During the first nine months of 2014, we spent $402 million to: (i) acquire the stock of Cygnet Health Care Limited which consists of 18 facilities located throughout the United Kingdom including 16 inpatient behavioral health hospitals and 2 nursing homes with a total of 734 beds (during the third quarter); (ii) acquire and fund the required capital reserves related to a commercial health insurer headquartered in Reno, Nevada (during the second quarter); (iii) acquire the Psychiatric Institute of Washington (“PIW”), a 124-bed behavioral health care facility and outpatient treatment center located in Washington, D.C. (during the second quarter), and; (iv) acquire the operations of Palo Verde Behavioral Health, a 48-bed behavioral health facility in Tucson, Arizona. As part of the acquisition of PIW, we also acquired the Arbor Group, L.L.C., which operates three management contracts covering 66 beds in the Washington, D.C. and Maryland market.

The aggregate net purchase price of these acquisitions was allocated to the assets and liabilities based on their preliminary estimated fair values as follows:

 

     Amount
(000s)
 

Working capital, net (a)

   ($ 41,547

Property & equipment

     149,914   

Goodwill

     246,606   

Other assets

     58,835   

Income tax assets, net

     4,019   

Debt

     (16,286

Other

     864   
  

 

 

 

Cash paid during first nine months of 2014

   $ 402,405   
  

 

 

 

 

(a) Includes liability for incurred but unpaid medical claims at date of acquisition of commercial health insurer.

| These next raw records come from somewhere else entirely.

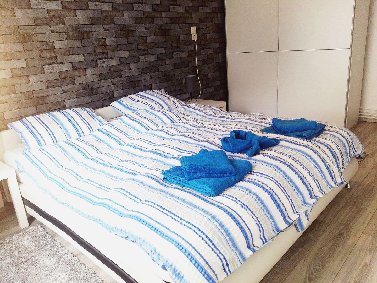 SCHLAFEN // ein Schlafzimmer mit bequemem Doppelbett, Couch mit Schlaffunktion ++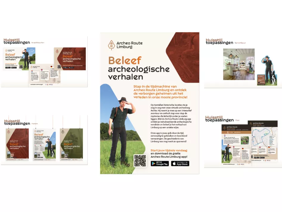Mocht je als gemeente eigen media items willen maken ter promotie van de Archeo Route Limburg in jouw gemeente, vraag dan gerust via info@archeoroutelimburg.nl om sjablonen met deze nieuwe branding, die je als onderlegger voor jouw marketing uiting kunt gebruiken.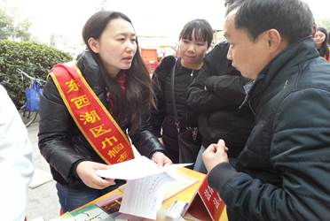 3月3日上午,区法律援助中心与区妇联一道,在吴家山中心广场对面开展“建设法治中国,巾帼在行动”——“三八”维权周大型法律宣传活动。由于今年的“三八”妇女维权活动与我区民营企业用工招聘会同时同地举办,中心布置的法律援助咨询展台还吸引了众多女性求职者前来进行咨询有关劳动者权益方面的问题。

During the first nine months of 2013, we spent approximately $1 million in connection with the acquisition of real property located in Pennsylvania.

 

Divestitures:

During the first nine months of 2014, we received approximately $15 million of cash proceeds for the divestiture of a non-operating investment sold during the first quarter of 2014 and the real property of a closed behavioral health facility sold during the second quarter of 2014. In connection with these transactions, our consolidated results of operations included a pre-tax loss of $2 million recorded during the three-month period ended September 30, 2014, and a net pre-tax gain of $8 million recorded during the nine-month period ended September 30, 2014.

During the first nine months of 2013, we received aggregate cash proceeds of approximately $37 million for the divestiture of: (i) Peak Behavioral Health Services (“Peak”), a 104-bed behavioral health care facility located in Santa Teresa, New Mexico (sold during the second quarter of 2013); (ii) the real property of five previously closed behavioral health care facilities and an outpatient surgery center, and; (iii) our ownership interest in an outpatient surgery center. In connection with the receipt of antitrust clearance from the Federal Trade Commission in connection with our acquisition of Ascend Health Corporation in October of 2012, we agreed to divest Peak. The pre-tax net gain on these divestitures did not have a material impact on our consolidated results of operations during the nine-month period ended September 30, 2013.